• Exercise requirements: Every record needs to come back as written, except for the pictures.
The data Block Start
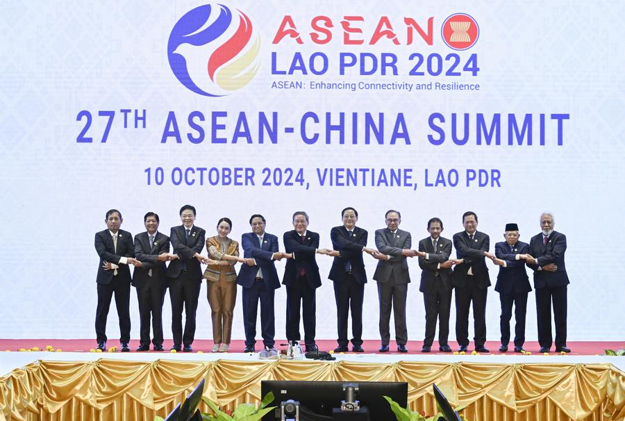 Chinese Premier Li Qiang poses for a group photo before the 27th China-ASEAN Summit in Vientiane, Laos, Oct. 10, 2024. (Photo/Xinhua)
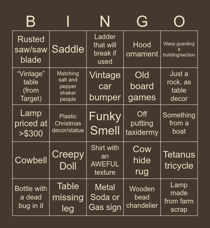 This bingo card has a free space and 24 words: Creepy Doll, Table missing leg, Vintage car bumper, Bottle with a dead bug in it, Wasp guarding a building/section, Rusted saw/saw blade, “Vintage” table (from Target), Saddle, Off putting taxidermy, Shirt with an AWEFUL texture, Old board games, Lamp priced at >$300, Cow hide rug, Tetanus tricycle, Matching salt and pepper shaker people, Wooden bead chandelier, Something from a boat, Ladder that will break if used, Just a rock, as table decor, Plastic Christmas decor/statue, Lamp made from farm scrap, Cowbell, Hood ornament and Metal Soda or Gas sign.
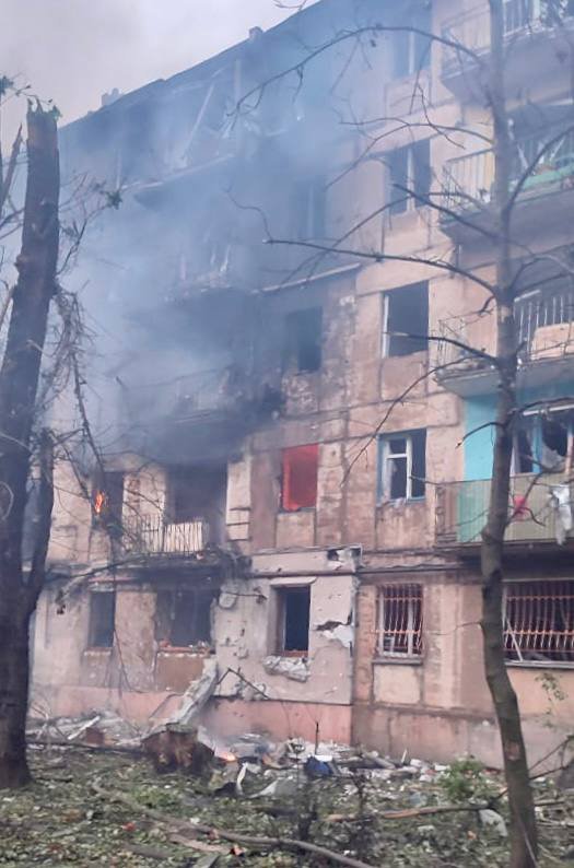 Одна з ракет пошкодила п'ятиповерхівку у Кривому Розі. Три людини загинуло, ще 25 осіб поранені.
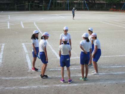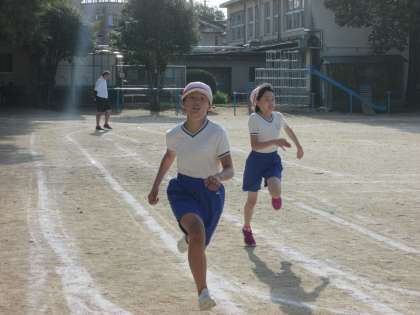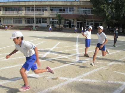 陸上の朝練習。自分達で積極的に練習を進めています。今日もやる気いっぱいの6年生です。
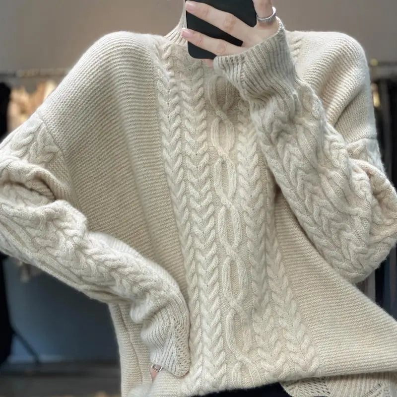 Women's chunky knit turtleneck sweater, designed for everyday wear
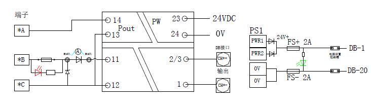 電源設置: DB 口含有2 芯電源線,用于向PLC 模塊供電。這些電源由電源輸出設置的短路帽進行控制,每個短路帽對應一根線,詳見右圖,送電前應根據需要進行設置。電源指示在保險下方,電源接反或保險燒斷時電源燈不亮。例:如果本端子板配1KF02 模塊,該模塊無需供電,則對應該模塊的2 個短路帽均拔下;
The data Block End
• Solved problem:
 Chinese Premier Li Qiang poses for a group photo before the 27th China-ASEAN Summit in Vientiane, Laos, Oct. 10, 2024. (Photo/Xinhua)
 This bingo card has a free space and 24 words: Creepy Doll, Table missing leg, Vintage car bumper, Bottle with a dead bug in it, Wasp guarding a building/section, Rusted saw/saw blade, “Vintage” table (from Target), Saddle, Off putting taxidermy, Shirt with an AWEFUL texture, Old board games, Lamp priced at >$300, Cow hide rug, Tetanus tricycle, Matching salt and pepper shaker people, Wooden bead chandelier, Something from a boat, Ladder that will break if used, Just a rock, as table decor, Plastic Christmas decor/statue, Lamp made from farm scrap, Cowbell, Hood ornament and Metal Soda or Gas sign.
 Одна з ракет пошкодила п'ятиповерхівку у Кривому Розі. Три людини загинуло, ще 25 осіб поранені.
 陸上の朝練習。自分達で積極的に練習を進めています。今日もやる気いっぱいの6年生です。
 Women's chunky knit turtleneck sweater, designed for everyday wear
 電源設置: DB 口含有2 芯電源線,用于向PLC 模塊供電。這些電源由電源輸出設置的短路帽進行控制,每個短路帽對應一根線,詳見右圖,送電前應根據需要進行設置。電源指示在保險下方,電源接反或保險燒斷時電源燈不亮。例:如果本端子板配1KF02 模塊,該模塊無需供電,則對應該模塊的2 個短路帽均拔下;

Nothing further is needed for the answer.